Continuation of front page (51) Int.Cl. ⁶ Identification code Office reference number FI Technical display location H01S 3/101 H01S 3/18 3/18 B41J 3/00 D

Claims (17)

[Claims] 1. A laser light source for irradiating a predetermined irradiation target with laser light, comprising: a plurality of laser light sources that emit laser light to generate light spots on the irradiation target, respectively. A width in a direction is wide, the light spots overlap each other on the irradiation target, and the plurality of laser light sources are arranged so that the specific directions of the light spots generated by the respective laser light sources do not match. Laser light source. 2. The plurality of laser light sources are arranged such that adjacent ones of the light spots in the specific direction form an equal angle with each other.

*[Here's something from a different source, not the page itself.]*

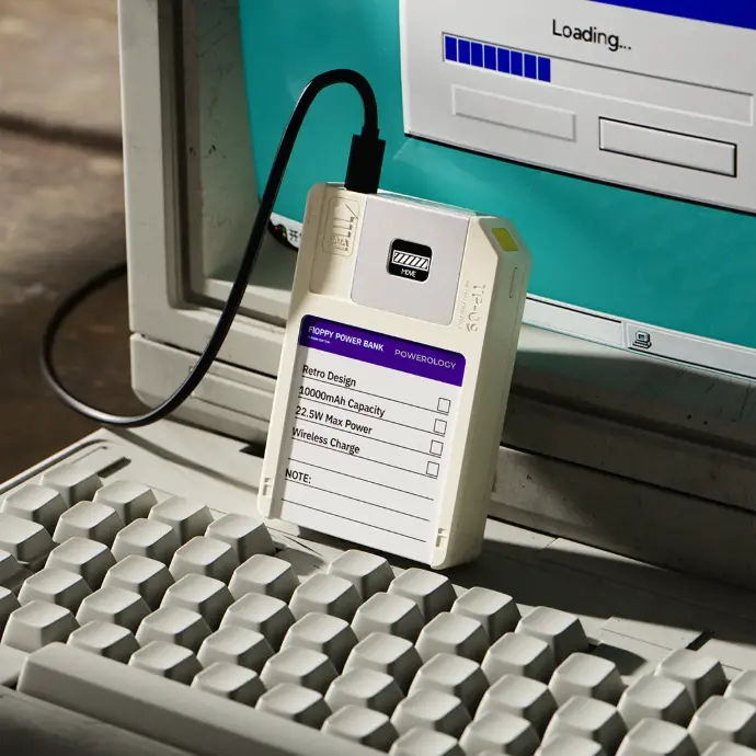 The Powerology Floppydisk Retro 10000mAh MagSafe Power Bank - White combines a retro design with modern technology. The power bank contains a reliable and long-lasting 10000mAh lithium polymer battery. It features a fast charging system with PD 22.5W and thus ensures the devices are charged quickly and in an efficient way. It has USB-C input (5V/3A, 9V/2A, 18W Max) and USB-C output (22.5W Max), hence it is versatile and compatible with a wide range of devices, iOS 5.1+ and Android 4.4+ included. It has a storage capacity of 64GB (USB 3.2 Gen 1), which carries with it a data transfer speed of 150MB/s, and thus, power and storage are perfectly balanced. The casing of the power bank is made from fire-resistant PC material, and it is equipped with an OLED display; hence, it is safe and user-friendly. The wireless output (5W / 7.5W / 10W / 15W Max) feature certainly adds to its versatility and makes it a must-have accessory for technology lovers.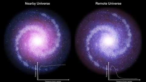 In a new paper published in Nature, lead author Reinhard Genzel claims to have discovered exactly that. By examining six independent, bright galaxies, Genzel claims to have discovered exactly this effect: more distant galaxies rotate more slowly at their outskirts than in their center. It would seem that dark matter has scored a major victory!

The laser light source described. 3. The laser light source according to claim 1, wherein the number of the plurality of laser light sources is three. 4. The laser light source according to claim 3, wherein the plurality of laser light sources are arranged so that each of the specific directions of the light spots forms an angle of 60 degrees with each other. 5. The laser light source according to claim 1, wherein the plurality of laser light sources include a semiconductor laser. 6. A laser light source for irradiating a predetermined irradiation object with laser light, wherein a single laser light source for generating a laser beam having a wide width in a specific direction and the laser beam generated by this laser light source are divided. A plurality of beam splitters that generate a plurality of laser beams, and a plurality of laser beams that are generated by the beam splitters are reflected to cause the plurality of laser beams to enter the same position on the irradiation target. Reflecting mirrors, on the optical path of the plurality of laser beams, arranged in front of or after the plurality of reflecting mirrors, optically processing each of the plurality of laser beams to determine the direction of the maximum width of each laser beam. A laser light source comprising: an optical system that is different from each other. 7. The optical system optically processes the laser beams such that the directions of the maximum width of each of the plurality of laser beams are adjacent to each other at an equal angle. 6. The laser light source according to 6. 8. The laser light source according to claim 6, wherein the beam splitter generates three laser beams. 9. The laser light source according to claim 8, wherein the optical system optically processes the three laser beams so that the directions of the respective maximum widths form an angle of 60 degrees with each other. 10. The laser light source according to claim 6, wherein the single laser light source includes a semiconductor laser. 11. The laser light source according to claim 6, wherein the beam splitter is configured by using a beam splitter coated with a dielectric multilayer film or a cube beam splitter. 12. The laser light source according to claim 6, wherein the optical system is composed of an aspherical lens. 13. The laser light source according to claim 12, wherein the aspherical lens has a condensing function. 14. Irradiating a predetermined irradiation target with laser light,
A laser drawing apparatus for forming an image on the irradiation target by deflecting the laser light with an optical deflector, comprising the laser light source according to any one of claims 1 to 13, wherein the optical deflector comprises: A laser drawing apparatus which deflects laser light emitted from a laser light source. 15. The laser drawing apparatus according to claim 14, wherein the laser beam is vector-scanned by the optical deflector. 16. The laser drawing apparatus according to claim 14, wherein the irradiation target is processed by the laser light. 17. The laser drawing apparatus according to claim 14, wherein the irradiation target is colored by the laser light.